Below, you’ll find my writing organized by publication type and year.

Job Market Paper

"Personalized AI Alignment Revisited: the Fundamental Importance of User Diversity", by Enoch H. Kang, 2026

> This paper theoretically characterizes personalized AI alignment and discusses how this redefines user value in modern AI-driven platforms.

Working Papers
(Chronological order)

"Empirical risk minimization for Inverse RL and Dynamic Discrete Choice models" by Enoch H. Kang*, Hema Yoganarasimhan and Lalit Jain, 2025 (minor revision, Operations Research) (Github)

> This paper solves an open problem of scalably estimating a dynamic discrete choice model with provable guarantees using gradient-based methods.

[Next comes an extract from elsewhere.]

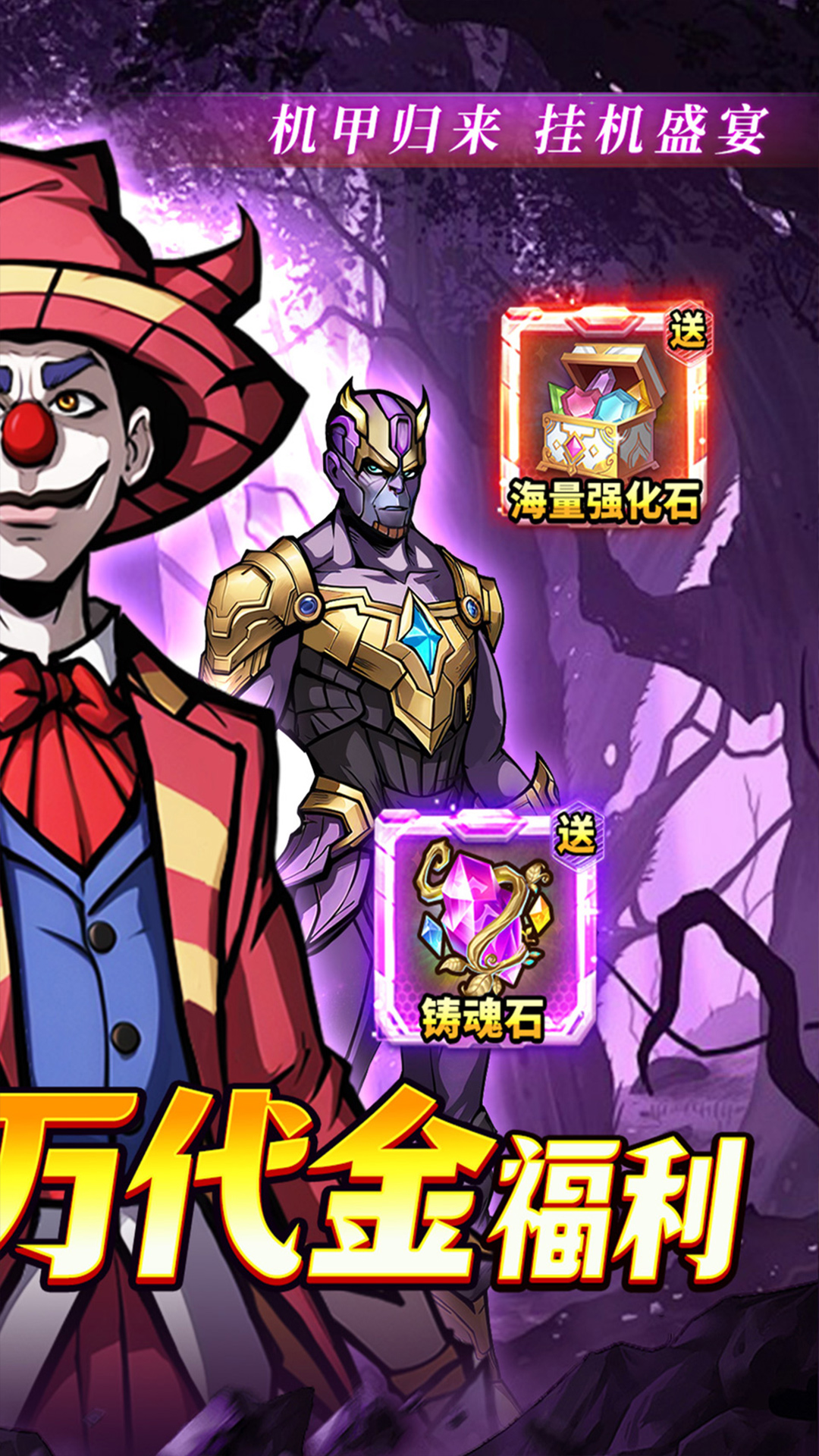《机甲归来》是一款充满美漫风格的MMO挂机游戏,它以精彩的特效和丰富的玩法为核心,带你进入一个前所未有的机甲战斗世界。游戏内,充值仅需0.1折的超值优惠,让你充值648元仅需6.48元,同时享受代金券最高10倍膨胀的福利。创角即送豪华大礼包,包括铸魂石、魔力、宝石、金币和强化石等珍稀资源,助你快速成长,轻松称霸。在这里,你可以随时挂机升级,也可以挑战各种精彩副本,与好友组队并肩作战,共同探索机甲世界的无限可能。

Accepted in the main track, ACM Economics and Computation (EC) 2025,
Invited tutorial talk (with John Rust), Econometric Society Summer School in Dynamic Structural Econometrics 2025 (YouTube Link) (Slides)
The 2025 World Congress of the Econometric Society (ESWC 2025)
UBC econometric lunch seminar

"TextBO: Bayesian Optimization in Language Space for Eval-Efficient Self-Improving AI", by Enoch H. Kang* and Hema Yoganarasimhan, 2025 (major revision, Management Science) (Slides, Github, App, Demonstration for MBA class)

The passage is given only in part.